Prostaglandin E(2) Signals Through E Prostanoid Receptor 2 to Inhibit Mitochondrial Superoxide Formation and the Ensuing Downstream Cytotoxic and Genotoxic Effects Induced by Arsenite

We investigated the effects of prostaglandin E(2) (PGE(2)), an important inflammatory lipid mediator, on the cytotoxicity–genotoxicity induced by arsenite. With the use of a toxicity paradigm in which the metalloid uniquely induces mitochondrial superoxide (mitoO(2) (−.)) formation, PGE(2) promoted conditions favoring the cytosolic accumulation of Bad and Bax and abolished mitochondrial permeability transition (MPT) and the ensuing lethal response through an E prostanoid receptor 2/adenylyl cyclase/protein kinase A (PKA) dependent signaling. It was, however, interesting to observe that, under the same conditions, PGE(2) also abolished the DNA-damaging effects of arsenite and that this response was associated with an unexpected suppression of mitoO(2) (−.) formation.

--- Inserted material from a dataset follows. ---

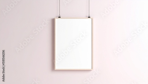 frame, poster, hanging, string, pastel, clean, minimal, white, interior, suspended, paper, blank, note, wall, empty, tags, design, photo, picture, clip, label, board, art, signs, message, card, gallery, business, wood, office, object

We conclude that PGE(2) promotes PKA-dependent inhibition of mitoO(2) (−.) formation, thereby blunting the downstream responses mediated by these species, leading to DNA strand scission and MPT-dependent apoptosis. These findings are therefore consistent with the possibility that, in cells responding to arsenite with mitoO(2) (−.) formation, PGE(2) fails to enhance—but rather decreases—the risk of neoplastic transformation associated with genotoxic events.